I installed Deepvariant 1.6.0 on a:
Dell poweredge R910, 128 Gb of RAM, 36 cores. The is machine has windows 10 LTSC installed on it. However, also installed on it is: Virtual box 6.0 Ubuntu 20.04 LTS Controller ID: Vboxguestaddtions_6.06
Deepvariant was installed on ubuntu 20.04 LTS using docker:
https://github.com/google/deepvariant
sudo apt -y update
sudo apt-get -y install docker.io
sudo docker pull google/deepvariant:1.6.0
However, when I run deepvariant, I keep getting the following message:
**The TensorFlow library was complied to use AVX instructions, but these aren't available on your machine.
/opt/deepvariant/bin/run_deepvariant: line 2: 7 Aborted (core dumped) phython3 -u /opt/deepvariant/bin/run_deepvariant.py "$@"**
How do I fix this problem ?
It also keeps saying that it cannot find the genome reference fasta file, even though I have specified the correct file directory to genome reference file. Does one have to first prepare the genome reference fasta file to work with deepvariant f? For instance, Dragmap, Isaac aligner, etc require the reference Fasta file to be first prepared for use with these tools before they are used.
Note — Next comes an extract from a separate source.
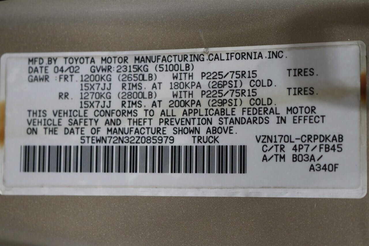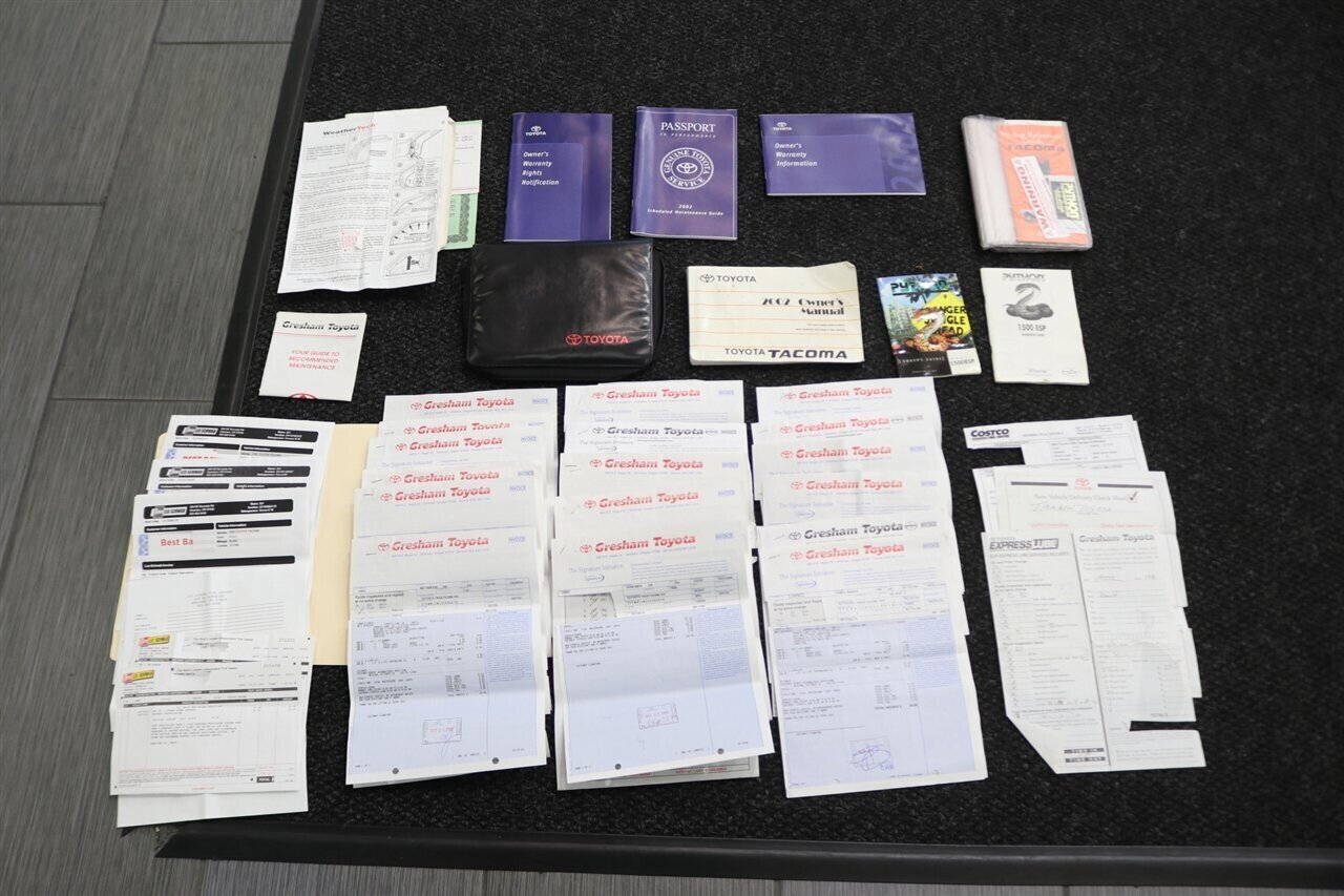 UP FOR GRABS IS A SUPER HARD TO FIND IN THIS SHAPE AND CONDITION AND SUPER LOW MILES LOCAL OREGON ONE OWNER SINCE NEW CLEAN TITLE AND CARFAX CERTIFIED FRESH TRADE IN 2002 TOYOTA TACOMA EXTENDED CAB 4X4 V-6 SR5 WITH ONLY 89K ORIGINAL MILES, LIKE NEW IN AND OUT, NO SIGNS OR RECORDS OF ANY ACCIDENTS OR DAMAGES EVER, NO MAJOR DENTS OR SCRATCHES AT ALL IF ANY, LIKE NEW INTERIOR FREE OF ANY RIPS OR TEARS OR ANY BROKEN PLASTICS OR STAINS ON THE CARPET. THIS TACOMA HAS NEVER BEEN OFF ROAD OR DRIVEN IM MUD OR SNOW AT ALL, THE UNDER CARRIAGE IS 100% RUST FREE WITH ZERO CORROSION. WE JUST DID A FULL SERVICE ON THIS TACOMA INCLUDING A FULL OEM AISIN TIMING BELT & WATER PUMP SERVICE WITH TENSIONERS & GUIDES / NEW THERMOSTAT WITH SEAL / COOLANT FLUSH / NEW SPARK PLUGS / NEW PCV VALVE / NEW FRONT BRAKES & ROTORS / BRAKE FLUID FLUSH / NEW RACK & PINION BUSHING KIT / OIL CHANGE & FILTER / NEW AIR FILTER AND MORE. ALSO THIS TACOMA WAS A GRANDPA OLD MAN TRUCK 100% STOCK AND WE JUST OUTFITTED IT WITH OUR OVERLAND PKG INCLUDING A NEW 2.5" ADJUSTABLE BILSTEIN TOYTEC LEVELING KIT WITH DIFFERENTIAL DROPS AND BILSTEIN 5100 SERIES SHOCKS ALL THE WAY AROUND, WE ALSO UPGRADED IT WITH NEW OEM FACTORY TOYOTA TRD PRO FORGED WHEELS AND NEW 33" FALKEN WILD PEAK A/T 4W SL LOAD TIRES ALL THE WAY AROUND AND WE UPGRADED THE HEADLIGHTS / TURN SIGNALS AND MARKERS TO NEW BLACK HOUSING PKG. THIS TACOMA COMES WITH A LEER FRAMELESS INSULATED CANOPY AND A SPRAY IN BED LINER, THE BED IS IN EXCELLENT CONDITION AS WELL. THIS TACOMA COMES WITH ALL ORIGINAL BOOKS AND MANUALS AND ALL SERVICE RECORDS SINCE NEW AT TOYOTA DEALER. THIS IS COLLECTOR GRADE AND IMPOSSIBLE TO FIND WITH LOWER MILES OR A CLEANER UNDER CARRIAGE.

See if you need to enable AVX instructions (or fix your virtualbox install): https://stackoverflow.com/questions/65780506/how-to-enable-avx-avx2-in-virtualbox-6-1-16-with-ubuntu-20-04-64bit
I was finally able to get Deepvariant to work on a Dell poweredge R820 that has CPUs with AVX support. My only issue is Deepvariant version 1.6.0 took 3 days (72 hours) to process a human exome BAM file in order to create VCF and gVCF files. How can I accelerate the time it takes for Deepvariant to process data ?
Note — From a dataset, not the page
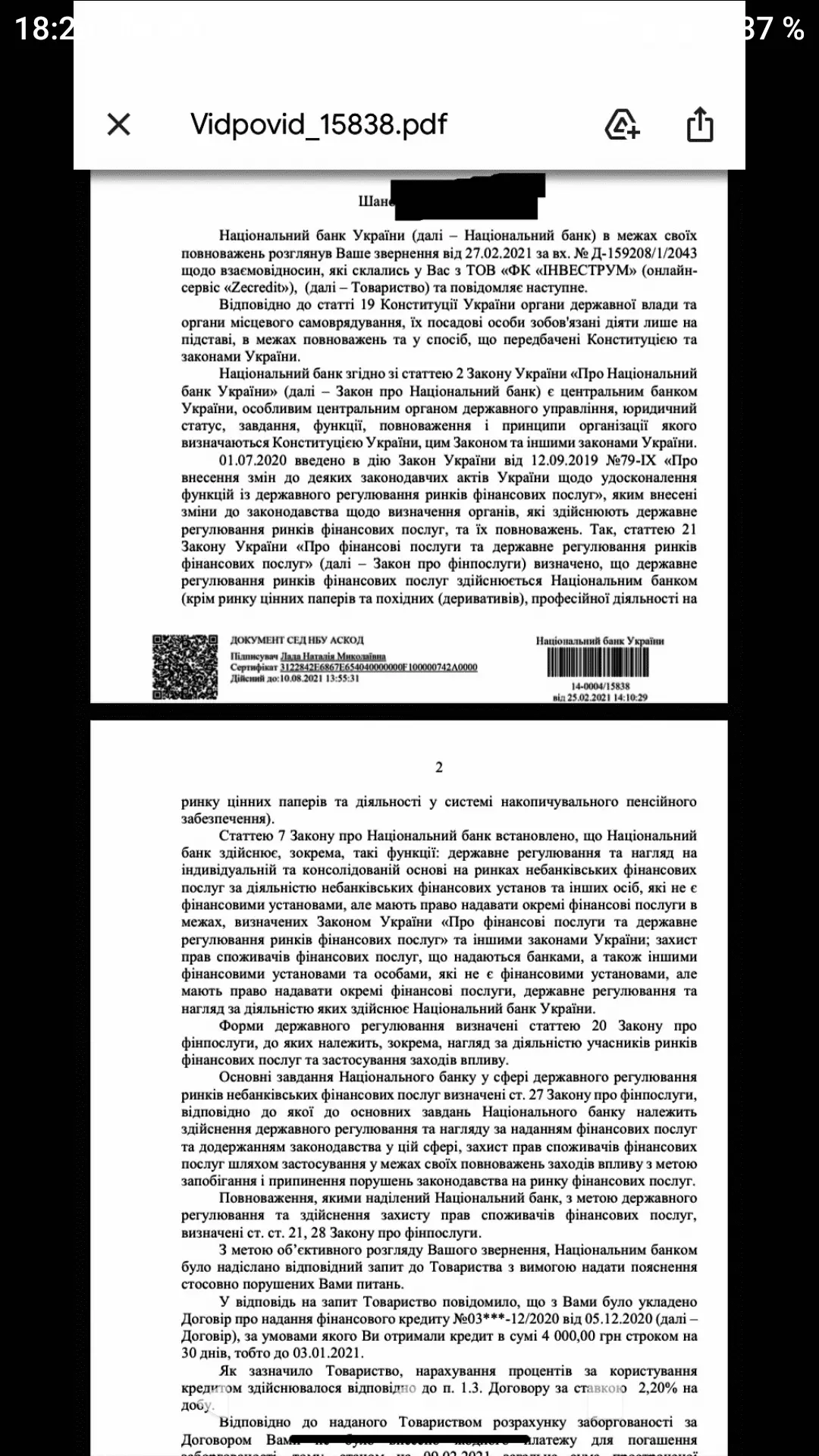 Добрый день. Пришёл ответ от НБУ по ZeCredit не совсем понятно что они имеют ввиду

Can I for instance, request it not to output a gVCF file ?
Sounds like it's slow. There are faster programs; is there a reason you want to use Deepvariant?
I read several recent articles published on the bench-marking of several variant callers, and they all seem to claim that deepvariant was the most accurate of all of them; hence the reason why I am exploring to switch to deepvariant.
I have used strelka 2.0, and I am very impressed with it. In fact with the same human exome BAM file, it outputs gVCF and VCF in about 35 minutes on the same server; while with deepvariant it took 3 days for the same file.
Have you tried BBTools' CallVariants? I'd be very surprised if there was a faster variant-caller. I've never tested Strelka, but it is much more accurate than GATK or FreeBayes.